Evaluation of images

As the ultrasound images of the fine ultrasound can be assessed and what and how much can be seen it depends also on the quality of the study area, the experience of the examining physician, amniotic fluid volume ( little amniotic fluid = worse sound conduction ), the fetal position, gestational age, the strength the abdominal wall of the mother, scars, etc from.

It may be helpful to consider a study with 3D ultrasound or 4D ultrasound into consideration so that any detected a peculiarity assessed more accurately and which can be optimally planned pre-and postnatal treatment of the child.

Chromosomal features can not be diagnosed by ultrasound.
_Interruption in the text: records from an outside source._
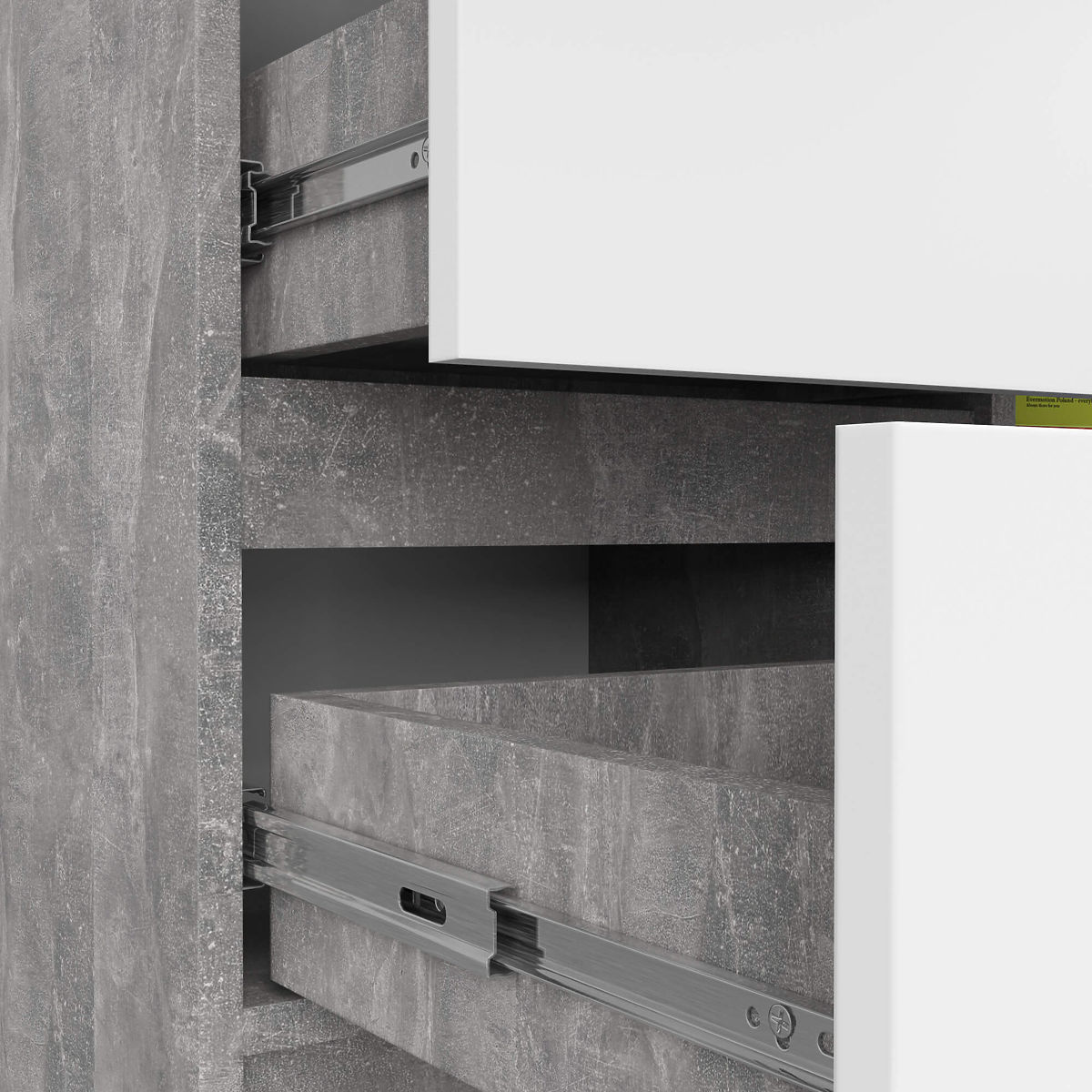 Die kleine Kommode ist ein Einrichtungselement, das in jedem Raum Verwendung findet. Moderne Farben, robuste Konstruktion und sorgfältige Verarbeitung führten zur Schaffung eines Schranks, der sich beispielsweise im Flur, Wohnzimmer oder Jugendzimmer, aber auch im Schlafzimmer bewährt. Sie kann auch in Büroräumen genutzt werden, um zahlreiche Dokumente und andere Bürobedarf zu verstauen. Die Kommode besteht aus einer Tür (innen befinden sich zwei Regale) und 3 Schubladen. Das Möbelstück kombiniert Beton- und Weißtöne.
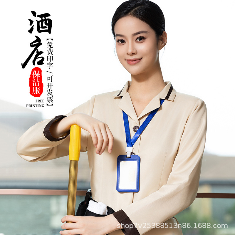 Baju kerja pembersih Hotel wanita, pakaian seragam kerja pelayan Hotel lengan panjang, properti komunitas pembersih musim gugur musim dingin
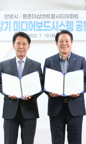 이날 협약으로 더샵아파트 공동승강기 미디어보드시스템에 안양시의 다양한 소식이 영상형태로 실시간 제공될 예정이다.
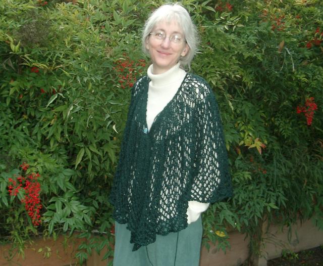 The red Peace shawl shown here? I made it for his wife Johnna. (Her computer was down that week.)
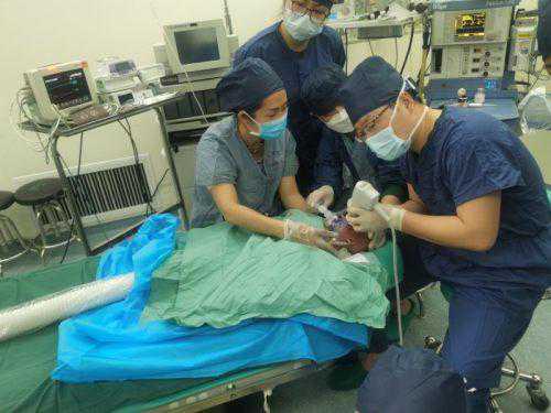 3月17日,眼科刘思伟教授和程育宏医师共同为该例“珍贵儿”行双眼玻璃体腔注药术,将药物雷珠单抗注入宝宝眼内。虽然术程较短,但因婴幼儿眼球较小且眼球壁较软,发育不成熟的特殊解剖结构,稍有不慎就会对宝宝眼球造成进一步的损害,而且中途宝宝的氧饱和度迅速下降,面部皮肤发紫,当即决定加深麻醉,增加吸氧量,最终,手术在医生的精准操作及默契配合下顺利结束。
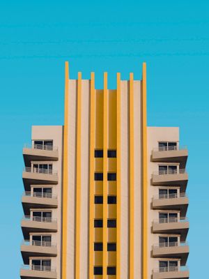 Art Deco tower with its bold yellow columns glowing, crisp lines, and perfect symmetry. Ideal for lovers of minimalist design, geometric forms, and city-inspired wall art.
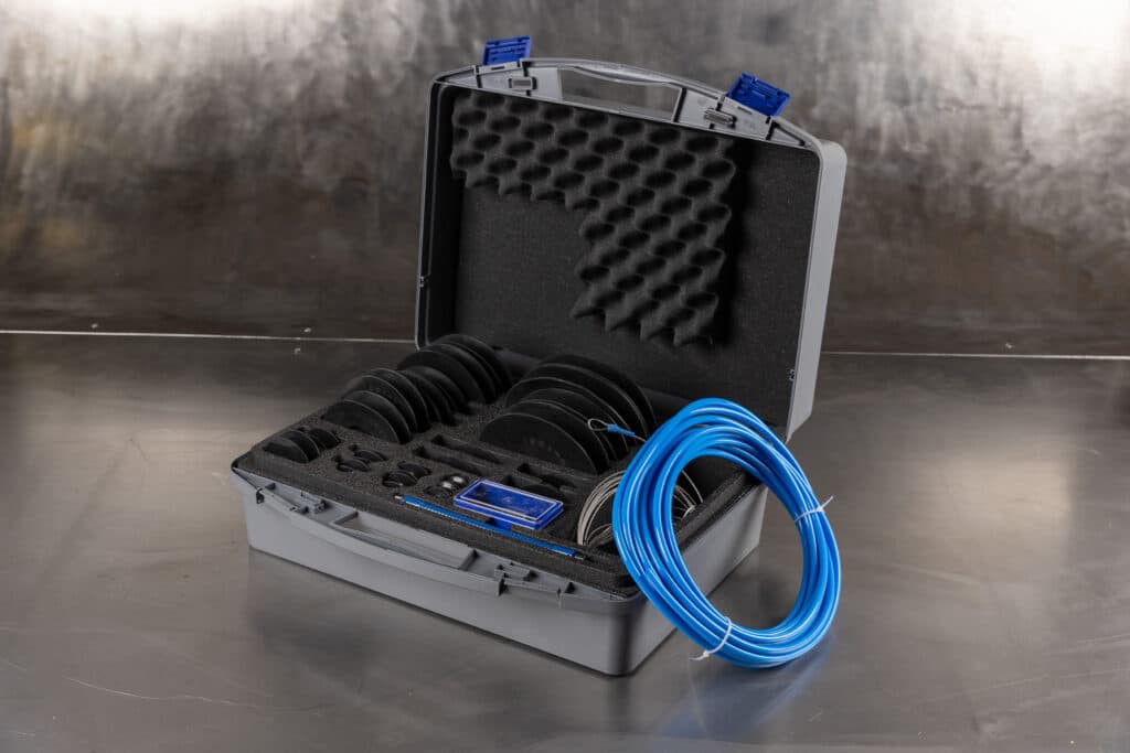 Täydellinen flex- juurikaasutustulppasarja sisältää lujan kuljetus/säilytyssalkun, väliputken 1kpl, 12m ruostumattoman teräsvaijerin ja 12m pitkän argonletkun naarasliittimellä. Sarjassa on 11 paria tiivistekiekkoja putken sisähalkaisija-alueella 25-165mm. Runko-osan pituus on 200mm.
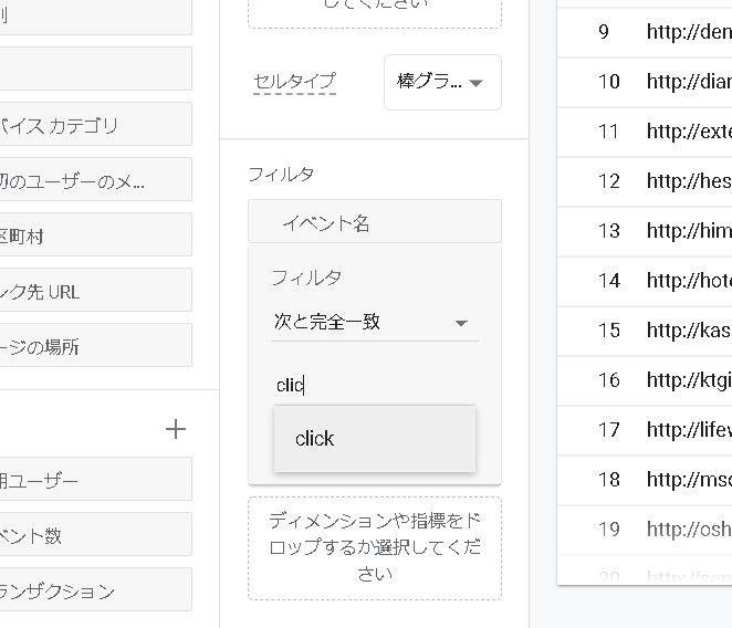 イベント名のフィルタを追加したら「click」イベントと一致させます。
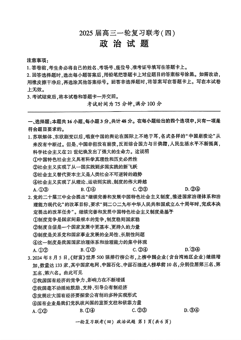 百师联盟2025届高三一轮复习联考(四)政治.pdf
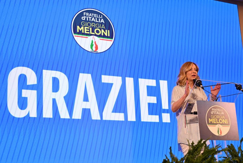 6月10日凌晨,意大利總理梅洛尼在意大利羅馬發表講話。新華社發(艾莉薩·林格利亞攝)
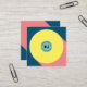 Cartão De Visita Quadrado Músico moderno amarelo-azul retrô dj vinil
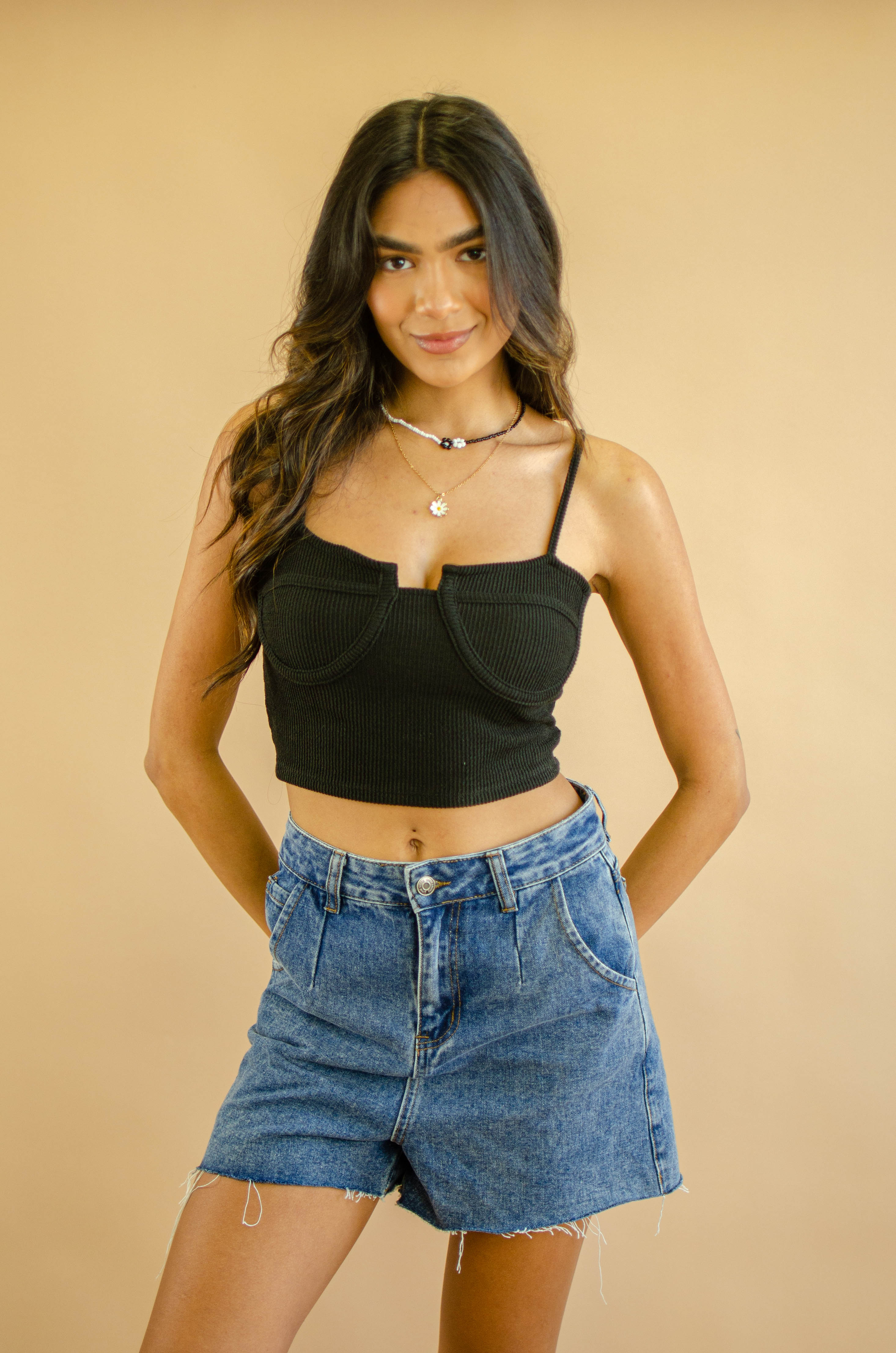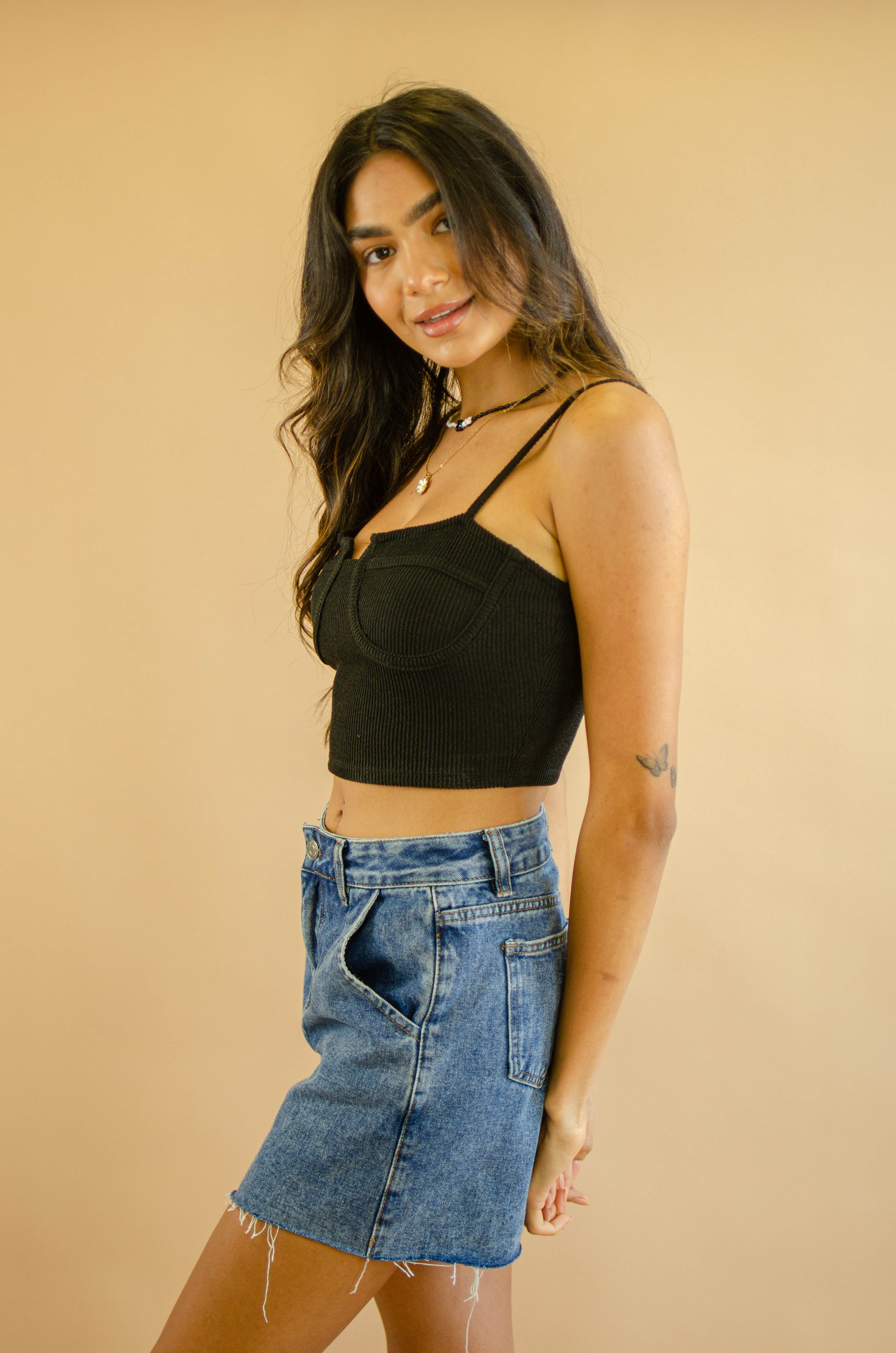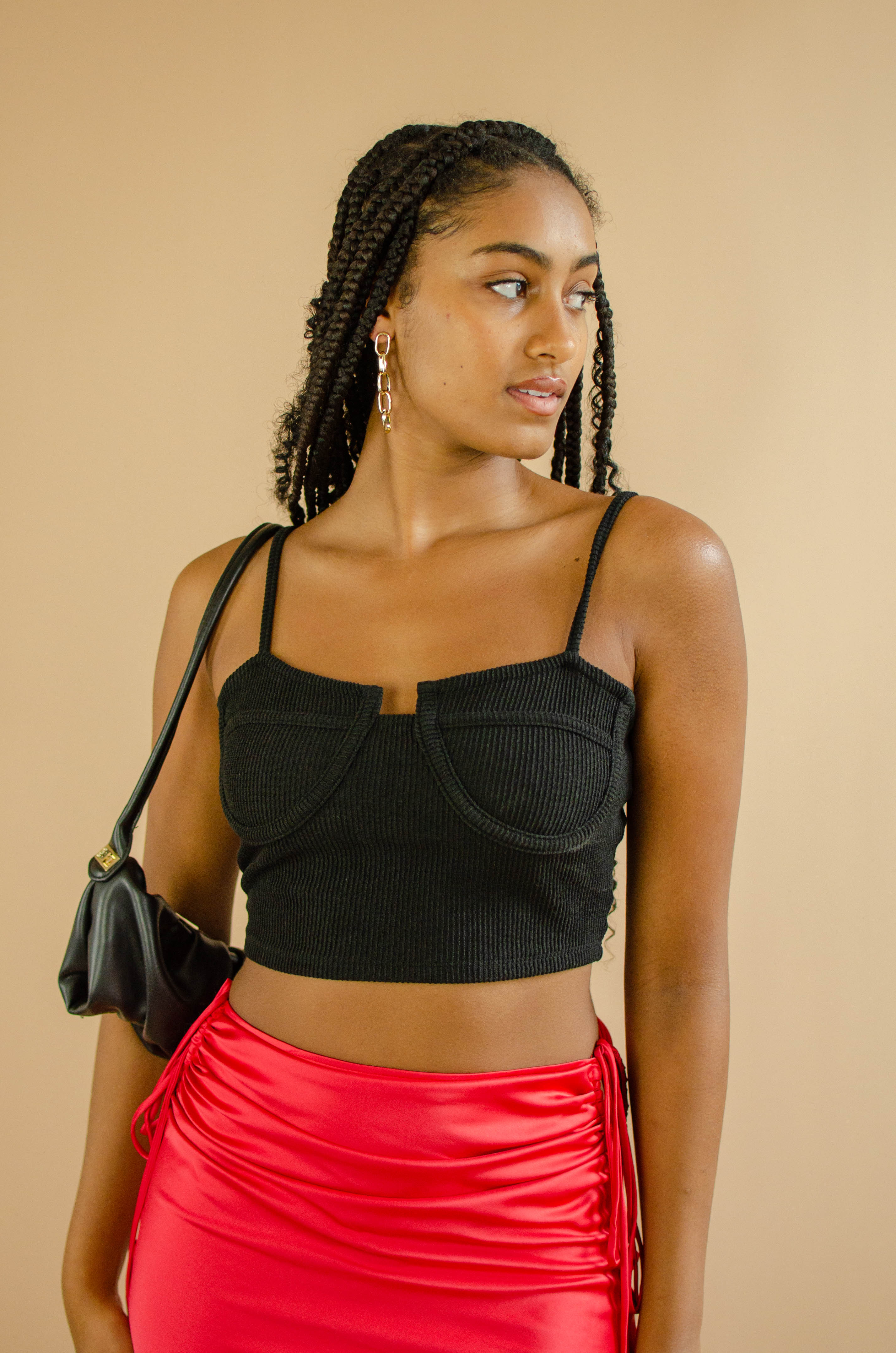 The bustier of your dreams, our Lynn Tank features a plush ribbed texture, adjustable mini straps, cropped hem, supportive underwire and bold seam bustier cups for a cool corset inspired look. Wear alone as a crop or layer over your favorite white button down.

Nevertheless, physical markings and other sonographic soft markers can sometimes be detected and thereby " the ultrasound examination [ ... ] the rail for pränataldiagnostisch - invasive measures such as amniocentesis, chorionic villus sampling and Chordozentese ". ( Maier, 2000, p 128).

The Center for Technology Assessment in Switzerland examined in one study ( ZfTA, 2001, p 124) the proportion of suspected diagnoses during pregnancy and actual facts after birth. It was found that seen at statistically 75 out of 100 children have become conspicuous with different ultrasound in developmental disorders, this ultimately did not confirm and the children are born without abnormalities. So it can be said that there is a sometimes strong concern, uncertainty and psychological stress of the pregnant women in the majority of cases of prenatally expressed tentative diagnoses, which turns out in the end as unfounded.